Saturday, December 17, 2011

Tinkers by Paul Harding


Genre:  Fictional Memoir

Description (taken from Paul Harding's website):
An old man lies dying. Confined to bed in his living room, he sees the walls around him begin to collapse, the windows come loose from their sashes, and the ceiling plaster fall off in great chunks, showering him with a lifetime of debris: newspaper clippings, old photographs, wool jackets, rusty tools, and the mangled brass works of antique clocks. Soon, the clouds from the sky above plummet down on top of him, followed by the stars, till the black night covers him like a shroud. He is hallucinating, in death throes from cancer and kidney failure.


A methodical repairer of clocks, he is now finally released from the usual constraints of time and memory to rejoin his father, an epileptic, itinerant peddler, whom he had lost 7 decades before. In his return to the wonder and pain of his impoverished childhood in the backwoods of Maine, he recovers a natural world that is at once indifferent to man and inseparable from him, menacing and awe inspiring.

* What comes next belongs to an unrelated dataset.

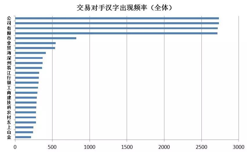 综上所述,该行交易对手名称长度介于10-13个字,高频字是市、贸、业、海、深、易、州、工、技等,根据以上结论,笔者大胆假设一个新的公司名称:深圳海工科技贸易有限公司,组合采用最带来好运的字,12个字长度完美匹配最佳频数,符合中文习惯。经工商企业查证,此公司名称尚未被注册。有机会哦——(本文内容仅代表作者个人观点,不代表其供职单位的立场)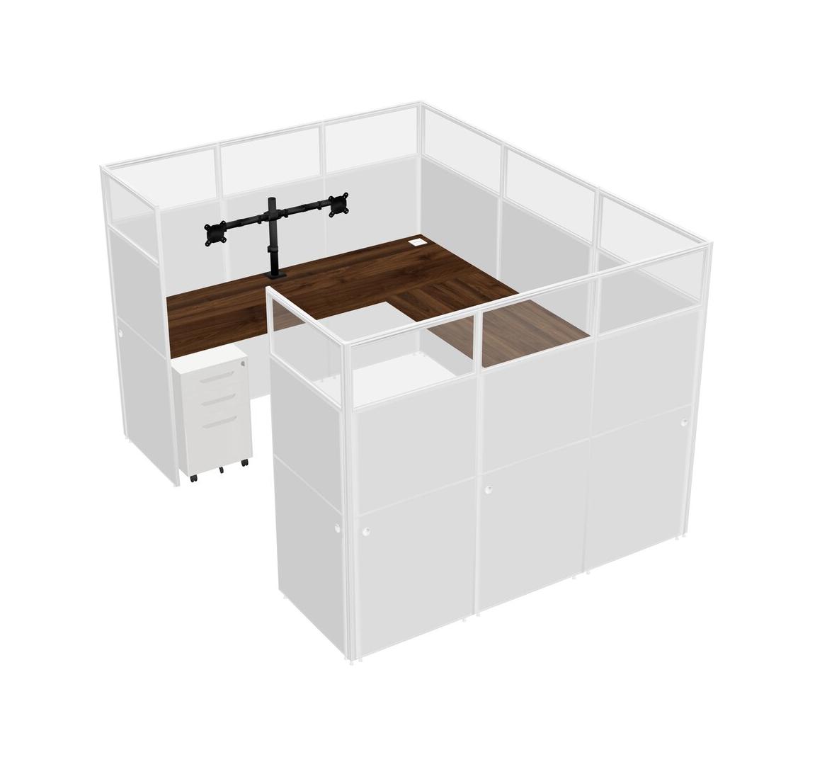 Système De Panneaux En U En Noyer Columbia Pour 1 Personne + Bras D'écran (bras Doubles) + Tiroirs Mobiles En Métal Pour 1 Utilisateur(s)

This book follows the lives of George, the old man dying, and his father, Howard.  The tail weaves between their lives and the few interactions they had with each other.  It's not a happy story by any means but sort of bittersweet.

I've been trying to broaden my tastes in books.  But I couldn't get into this book.  The imagery I imagine was beautiful, but I felt really confused when caught up in the words.  I'm a dialogue person, not a beautiful description person.  I know there's people out there who will enjoy this book, but I went on a slow and confusing journey with this one.